阿波羅網王篤若報導/阿波羅網評論員王篤然分析,張又俠被指「向美國泄露核武核心技術」的指控表面震撼,但若放在中共一貫的政治鬥爭傳統中審視,其可信度極低,更像是又一次典型的構陷工程。中共處理內部高層異己時,最擅長的就是給對方扣上「通美、叛國」這類不可逆的終極罪名,用以徹底抹殺對方的政治生命,同時為最高層的清洗行動建立「絕對正當性」。

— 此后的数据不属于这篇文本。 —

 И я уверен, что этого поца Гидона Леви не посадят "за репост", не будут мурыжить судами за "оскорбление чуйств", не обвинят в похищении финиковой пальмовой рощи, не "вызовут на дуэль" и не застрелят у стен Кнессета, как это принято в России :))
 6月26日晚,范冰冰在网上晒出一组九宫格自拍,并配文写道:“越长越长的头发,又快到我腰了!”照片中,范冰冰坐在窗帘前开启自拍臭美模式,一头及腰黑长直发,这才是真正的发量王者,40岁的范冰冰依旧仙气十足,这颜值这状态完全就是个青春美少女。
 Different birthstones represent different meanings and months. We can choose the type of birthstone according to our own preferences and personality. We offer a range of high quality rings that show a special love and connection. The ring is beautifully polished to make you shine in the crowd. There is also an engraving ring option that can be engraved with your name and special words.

最典型的歷史案例就是六四後鄧小平默許對趙紫陽的構陷。程曉農披露,當時公安部長王芳在內部高層會議上公開宣稱趙紫陽是「CIA間諜」,理由是趙通過「中國經濟體制改革研究所」與索羅斯基金會聯絡,而王芳聲稱索羅斯的基金會是CIA機構。這種構陷的真實目的,是掩蓋鄧小平未經政治局常委授權、私自調動50萬野戰軍進京的政變性質,把屠城責任轉嫁成「反擊美國滲透」。

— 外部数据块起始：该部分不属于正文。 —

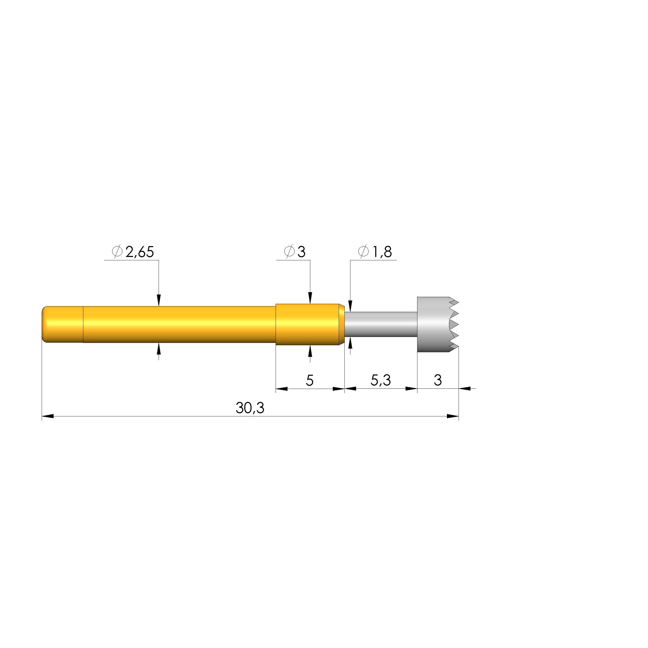 - Optimale Einstellung der Hubverhältnisse im Prüfadapter: Der Kragen (E-Maß) ist in unterschiedlichen Höhen lieferbar, was in Kombination mit den Kontaktsteckhülsen eine maximale Flexibilität der Einbauhöhe zulässt

構陷最終失敗,是因為索羅斯親自寫信給鄧小平,用極為直接的語言戳穿了這一荒謬指控。他指出:自己作為商人從未領取政府薪水,不可能替CIA工作;並強調基金會在中國的負責人竟是中共國家安全部退休副部長凌雲——若基金會是CIA機構,那等於說中共安全部在替CIA幹活。構陷邏輯被公開後,中共只能悄悄收手,趙紫陽倖免於「叛國罪」的政治毀滅。
這種「製造敵人、編造陰謀」的敘事工程並非孤例。2001年的「天安門偽火」同樣是經典構陷,用自導自演的方式製造「法輪功自焚」的假象,為鎮壓尋找所謂「合理性」。從趙紫陽到法輪功,中共在需要政治敘事時對造假、設局的熟練程度早已制度化。
放回張又俠案本身,以他的級別、警衛體系與通訊限制,要「向美國泄露核武機密」在操作層面幾乎不可能發生。核武信息屬於最高等級保密體系,受多層加密、專線隔離與軍委辦公系統全流程監控。若真發生泄密,其後果將是中共核威懾體系失效、戰略格局重新洗牌。
相比之下,張又俠在裝備發展部任內涉及嚴重貪腐、派系鬥爭失利以及「不夠絕對忠誠」才是更可信的原因。這類問題不僅與火箭軍和裝備系統的全面整肅節奏一致,也與習近平近年來對軍隊不信任的加深高度契合。
因此,「泄密給美國」更像是一頂為徹底清算張又俠而量身定製的政治原罪。貪腐可能是真的,但「通敵叛國」極可能又是一次熟悉的構陷劇本。